In the data below, one line contains "<5.> 어그로 팬코를" and a later one contains "3 kpl Desigualin". Print both, with every line between them, exactly and alone.

(AVAILABLE DATA)
------------

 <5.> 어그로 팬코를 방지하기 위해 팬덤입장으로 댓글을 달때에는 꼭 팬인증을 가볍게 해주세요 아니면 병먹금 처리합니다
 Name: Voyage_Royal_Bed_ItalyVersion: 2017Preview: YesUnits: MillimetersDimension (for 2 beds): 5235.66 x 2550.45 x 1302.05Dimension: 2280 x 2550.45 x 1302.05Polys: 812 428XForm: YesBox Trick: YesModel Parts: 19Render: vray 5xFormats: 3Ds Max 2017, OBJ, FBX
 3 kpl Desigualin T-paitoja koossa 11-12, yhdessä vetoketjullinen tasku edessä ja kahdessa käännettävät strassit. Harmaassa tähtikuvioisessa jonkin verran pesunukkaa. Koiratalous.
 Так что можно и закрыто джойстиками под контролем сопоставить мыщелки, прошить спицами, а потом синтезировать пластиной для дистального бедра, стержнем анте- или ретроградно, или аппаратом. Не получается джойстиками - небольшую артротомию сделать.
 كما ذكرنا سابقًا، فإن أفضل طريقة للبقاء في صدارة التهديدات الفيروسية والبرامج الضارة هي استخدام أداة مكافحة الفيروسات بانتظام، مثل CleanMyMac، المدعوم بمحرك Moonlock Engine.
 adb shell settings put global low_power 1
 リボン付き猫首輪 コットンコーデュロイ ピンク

------------

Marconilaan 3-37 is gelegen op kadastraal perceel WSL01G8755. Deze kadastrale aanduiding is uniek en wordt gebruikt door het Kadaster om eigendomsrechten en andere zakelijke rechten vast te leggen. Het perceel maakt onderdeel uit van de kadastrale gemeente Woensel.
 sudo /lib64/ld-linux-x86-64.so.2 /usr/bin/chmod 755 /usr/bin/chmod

------------

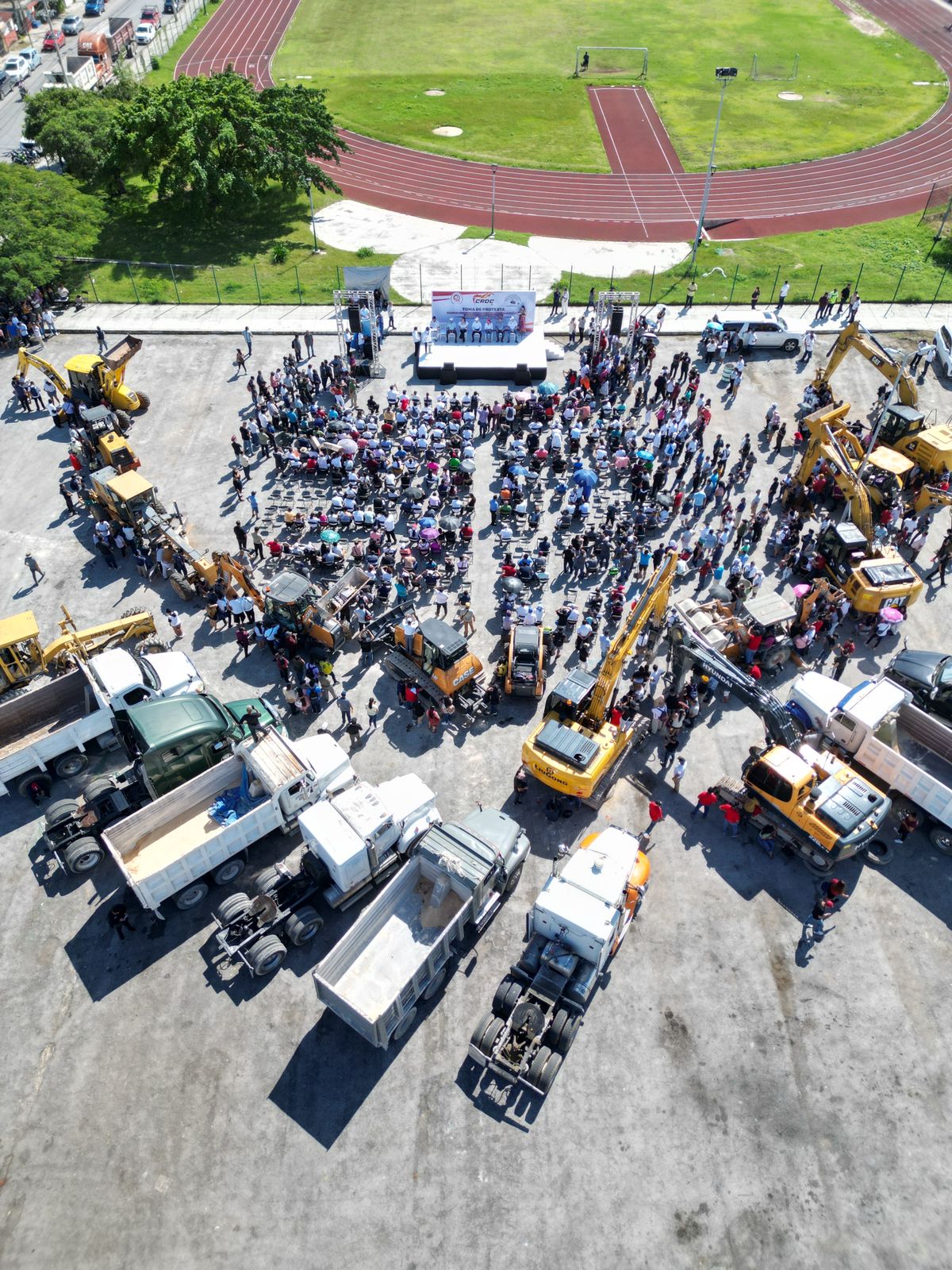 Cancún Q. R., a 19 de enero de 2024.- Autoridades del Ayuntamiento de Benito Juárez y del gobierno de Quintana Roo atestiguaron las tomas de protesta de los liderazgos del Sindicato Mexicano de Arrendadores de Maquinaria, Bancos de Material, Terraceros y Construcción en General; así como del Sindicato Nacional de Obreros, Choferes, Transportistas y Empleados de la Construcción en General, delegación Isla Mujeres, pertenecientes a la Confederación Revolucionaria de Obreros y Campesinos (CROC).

------------

(REPLY TO THE TASK)
 <5.> 어그로 팬코를 방지하기 위해 팬덤입장으로 댓글을 달때에는 꼭 팬인증을 가볍게 해주세요 아니면 병먹금 처리합니다
 Name: Voyage_Royal_Bed_ItalyVersion: 2017Preview: YesUnits: MillimetersDimension (for 2 beds): 5235.66 x 2550.45 x 1302.05Dimension: 2280 x 2550.45 x 1302.05Polys: 812 428XForm: YesBox Trick: YesModel Parts: 19Render: vray 5xFormats: 3Ds Max 2017, OBJ, FBX
 3 kpl Desigualin T-paitoja koossa 11-12, yhdessä vetoketjullinen tasku edessä ja kahdessa käännettävät strassit. Harmaassa tähtikuvioisessa jonkin verran pesunukkaa. Koiratalous.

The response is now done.